What is the formula to find the count of (sets of) maps between sets that equal the identity map? Given two finite sets $A$ and $B$, what is the formula to find the number of pairs of mappings $f, g$ such that $g \circ f = 1_A$?
 A: We look at the problem when $A$ and $B$ are finite. Suppose that $A$ has $a$ elements, and $B$ has $b$ elements. 
A function $f$ has the desired property iff $f$ is injective. Thus we need $a \le b$. For any given $f$, the function  $g$ is determined on $f(A)$, but not on the rest of $B$. 
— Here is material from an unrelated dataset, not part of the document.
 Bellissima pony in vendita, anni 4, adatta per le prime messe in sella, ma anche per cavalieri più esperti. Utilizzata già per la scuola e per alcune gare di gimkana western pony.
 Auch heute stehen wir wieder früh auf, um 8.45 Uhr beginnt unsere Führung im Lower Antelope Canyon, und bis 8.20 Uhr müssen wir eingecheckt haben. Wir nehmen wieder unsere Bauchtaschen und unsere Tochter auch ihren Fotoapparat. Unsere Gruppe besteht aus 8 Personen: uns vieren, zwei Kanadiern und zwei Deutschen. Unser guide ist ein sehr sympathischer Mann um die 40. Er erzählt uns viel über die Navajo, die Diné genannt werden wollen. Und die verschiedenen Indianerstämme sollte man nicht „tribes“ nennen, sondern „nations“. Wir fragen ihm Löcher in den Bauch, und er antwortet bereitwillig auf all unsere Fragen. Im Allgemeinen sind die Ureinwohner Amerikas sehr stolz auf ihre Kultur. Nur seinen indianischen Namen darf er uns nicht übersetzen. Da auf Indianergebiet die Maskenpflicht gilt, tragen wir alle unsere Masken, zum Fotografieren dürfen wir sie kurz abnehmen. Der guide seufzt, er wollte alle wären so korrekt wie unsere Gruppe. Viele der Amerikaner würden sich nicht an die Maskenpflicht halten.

There are $b(b-1)(b-2)\cdots (b-a+1)$ injections from $A$ to $B$. For every such injection, the value of $g$ on the complement of $f(A)$ is arbitrary, so there are $a^{b-a}$ choices for $g$. Multiply. The total number of ordered pairs $(f,g)$ with the desired property is
$$b(b-1)(b-2)\cdots(b-a+1)(a^{b-a}),$$
or equivalently $\frac{b!}{(b-a)!}a^{b-a}$.
A: A function $f\colon A\to B$ has a left inverse, $g\colon B\to A$ such that $g\circ f = 1_A$, if and only if $f$ is one-to-one. 
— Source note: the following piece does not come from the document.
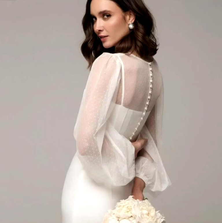 Long Sleeve Tulle Bridal Jacket Short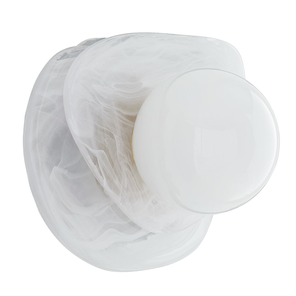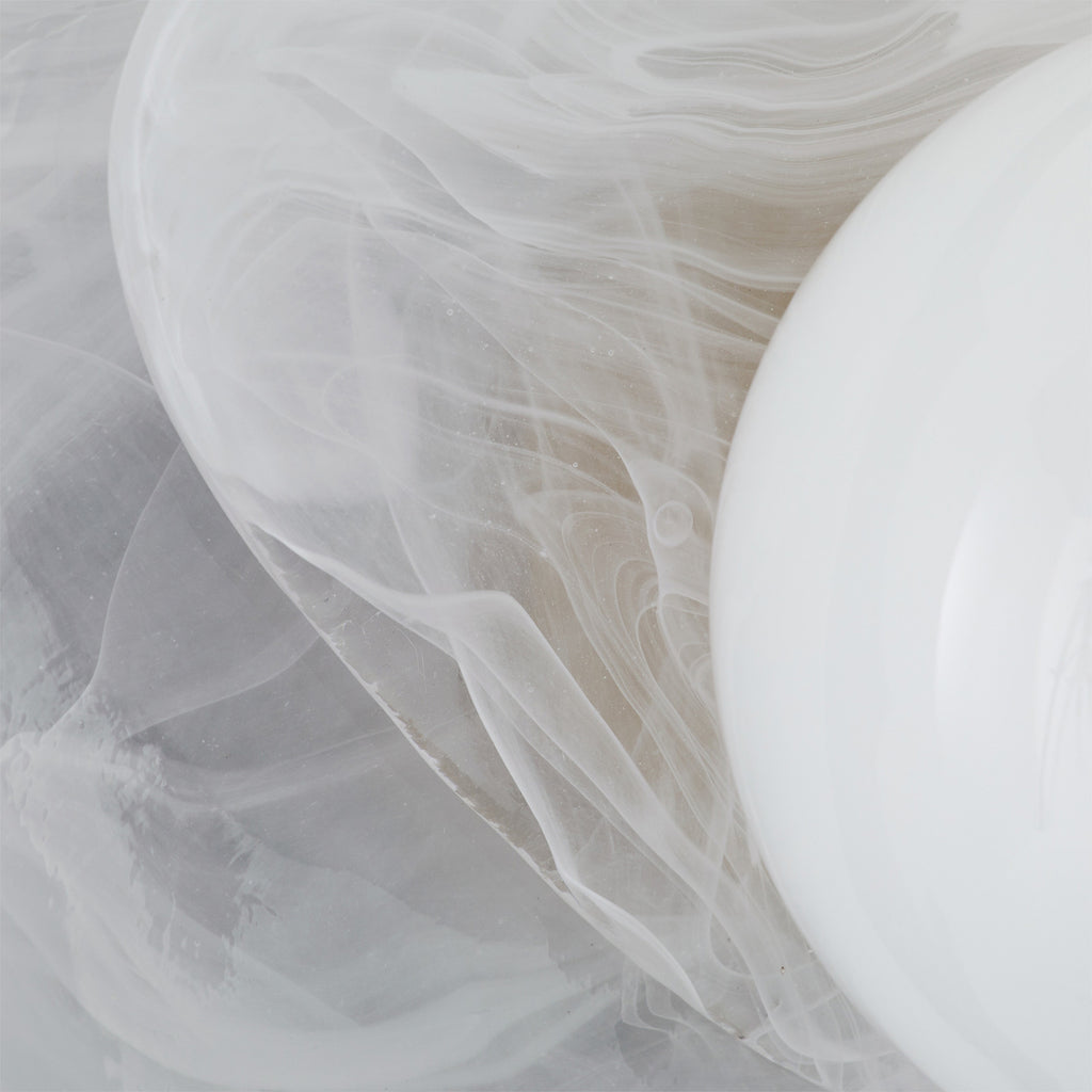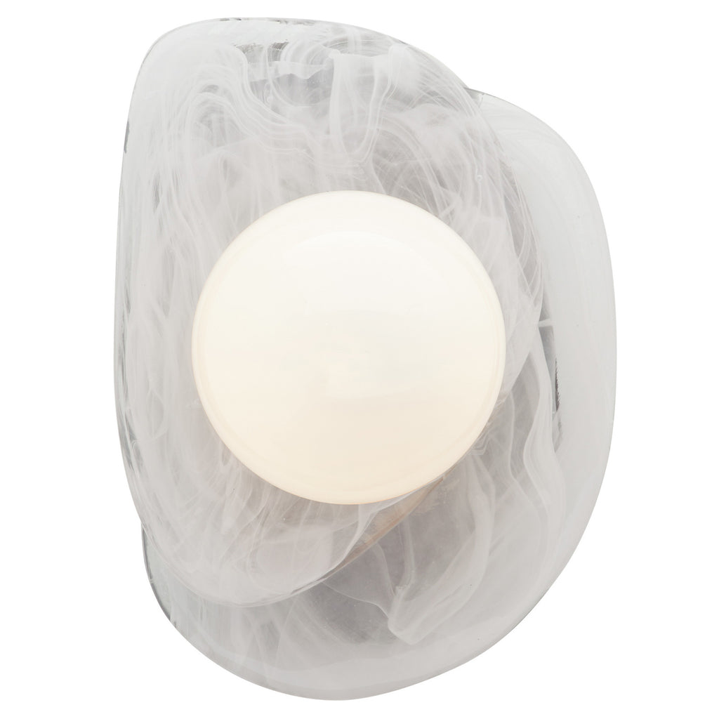 Mimicking a pearl inside an oyster’s shell, an opal glass orb is mounted to a hand-blown swirl glass fixture and secured to a brass-plated iron backplate—this jewel-like light can be hung in any direction. Damp-rated, although limited covered outdoor areas may affect finish; finish will vary.

Given a one-to-one function $f\colon A\to B$, then the values of a left inverse $g\colon B\to A$ of $f$ on $f(A)$ are uniquely determined; the values on $B-f(A)$ are free.
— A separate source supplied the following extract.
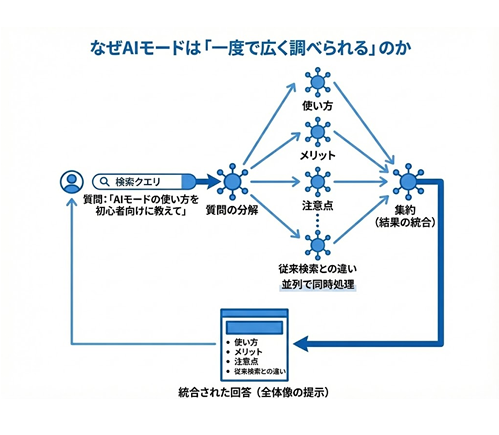 Google自身も、AIモードについて「複数の観点を同時に調べ、統合した回答を提供する」という考え方を公式に示しています。

I'm going to assume first that the sets are finite.
Therefore: the number of ordered pairs $(f,g)\in \{a\colon A\to B\}\times\{b\colon B\to A\}$ such that $g\circ f = 1_A$ is:


*

*$0$ if $|A|\gt |B|$ (no injections from $A$ to $B$);

*if $|A|\leq |B|$, same $|A|=n\leq m=|B|$, then there are $\frac{m!}{(m-n)!}$ ways of mapping $A$ to $B$ in a one-to-one manner; and there are $n^{m-n}$ ways of mapping $B-f(A)$ to $A$ (choose which of the $n$ things in $A$ each of the $m-n$ things in $B-f(A)$ is mapped to). So the number of pairs is 
$$\frac{n^{m-n}m!}{(m-n)!}.$$



Though not necessary, I had already written much of what is below, so here goes:
For infinite sets the situation is a bit more complicated, but the analysis is the same. The number of sets of size $|A|$ contained in $|B|$ (necessary for embeddings) is either $|B|$ if $|A|\lt |B|$, or is $2^{|A|}$ when $|A|=|B|$; then you need to count the number of bijections between two sets of cardinality $|A|$. This is $2^{|A|}$ (I believe). Thus, there are $|B|2^{|A|}$ one-to-one functions from $A$ to $B$ when $|A|\leq|B|$. Then you should have $2^{|B|}$ ways to complete "most" of those functions to full left inverses $B\to A$. So I'm going to hazard a guess that the number of pairs would be $0$ if $|A|\gt |B|$, and $|B|2^{|A|}2^{|B|} = 2^{|B|}$ if $|A|\leq |B|$ and $|A|$ is infinite. 
I'll leave it for someone who knows more cardinal arithmetic than I (Asaf? Andres?) to correct that if I'm wrong.
Finally, if $A$ is finite and $B$ is infinite, there are $|B|$ possible 1-to-1 function $A\to B$, and then $2^{|B|}$ ways of mapping the complement of the image back to $A$, so that would also give $2^{|B|}$ pairs in this case.